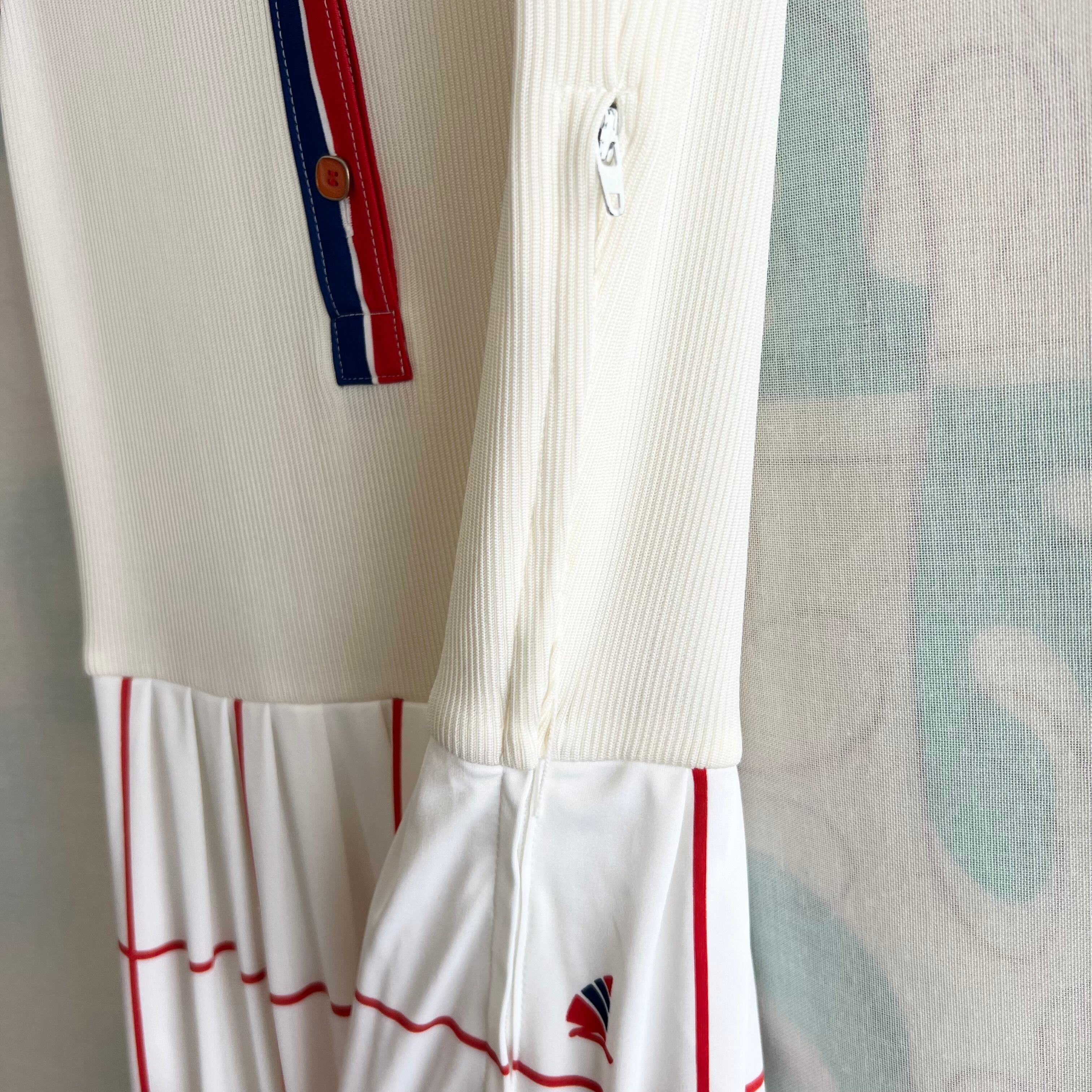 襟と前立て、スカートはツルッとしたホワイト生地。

______

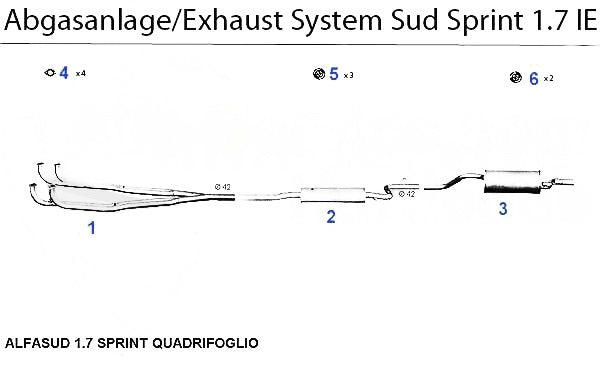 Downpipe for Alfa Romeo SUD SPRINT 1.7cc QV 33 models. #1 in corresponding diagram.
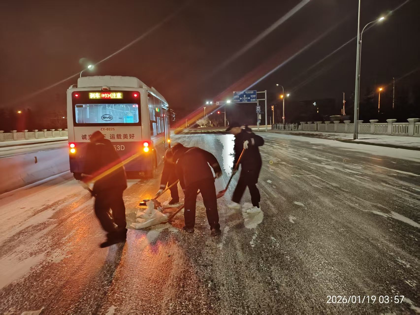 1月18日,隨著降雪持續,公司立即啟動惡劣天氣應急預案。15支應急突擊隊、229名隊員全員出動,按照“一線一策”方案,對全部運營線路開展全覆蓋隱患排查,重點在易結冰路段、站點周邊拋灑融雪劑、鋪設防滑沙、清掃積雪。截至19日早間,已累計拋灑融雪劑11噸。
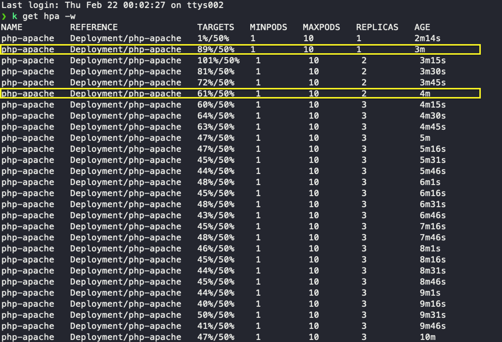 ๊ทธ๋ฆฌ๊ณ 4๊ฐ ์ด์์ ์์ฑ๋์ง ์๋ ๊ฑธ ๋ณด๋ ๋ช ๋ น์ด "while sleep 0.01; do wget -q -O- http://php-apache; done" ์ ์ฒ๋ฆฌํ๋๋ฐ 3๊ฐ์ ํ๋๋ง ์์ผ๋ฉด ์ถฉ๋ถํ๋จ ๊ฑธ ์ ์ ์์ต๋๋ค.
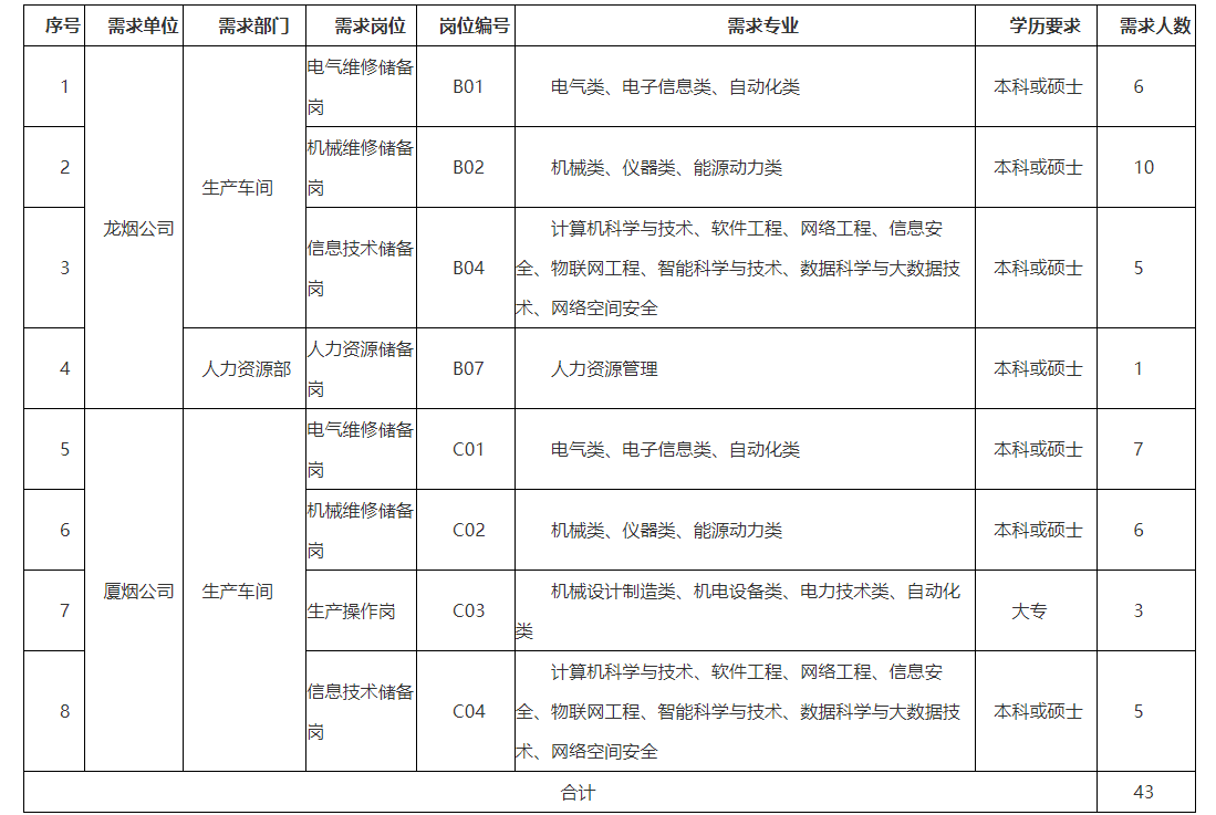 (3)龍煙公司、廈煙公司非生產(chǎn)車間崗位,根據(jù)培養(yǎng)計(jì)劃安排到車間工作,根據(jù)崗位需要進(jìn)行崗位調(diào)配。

______

_Task brief:_ Restate word for word the lines of the data above that begin at the line with "3๊ฐ์ ํ๋๋ง ์์ผ๋ฉด ์ถฉ๋ถํ๋จ ๊ฑธ ์ ์ ์์ต๋๋ค." and end at the line with "(3)龍煙公司、廈煙公司非生", keeping both ends and dropping every picture.

_Task response:_
 ๊ทธ๋ฆฌ๊ณ 4๊ฐ ์ด์์ ์์ฑ๋์ง ์๋ ๊ฑธ ๋ณด๋ ๋ช ๋ น์ด "while sleep 0.01; do wget -q -O- http://php-apache; done" ์ ์ฒ๋ฆฌํ๋๋ฐ 3๊ฐ์ ํ๋๋ง ์์ผ๋ฉด ์ถฉ๋ถํ๋จ ๊ฑธ ์ ์ ์์ต๋๋ค.
 (3)龍煙公司、廈煙公司非生產(chǎn)車間崗位,根據(jù)培養(yǎng)計(jì)劃安排到車間工作,根據(jù)崗位需要進(jìn)行崗位調(diào)配。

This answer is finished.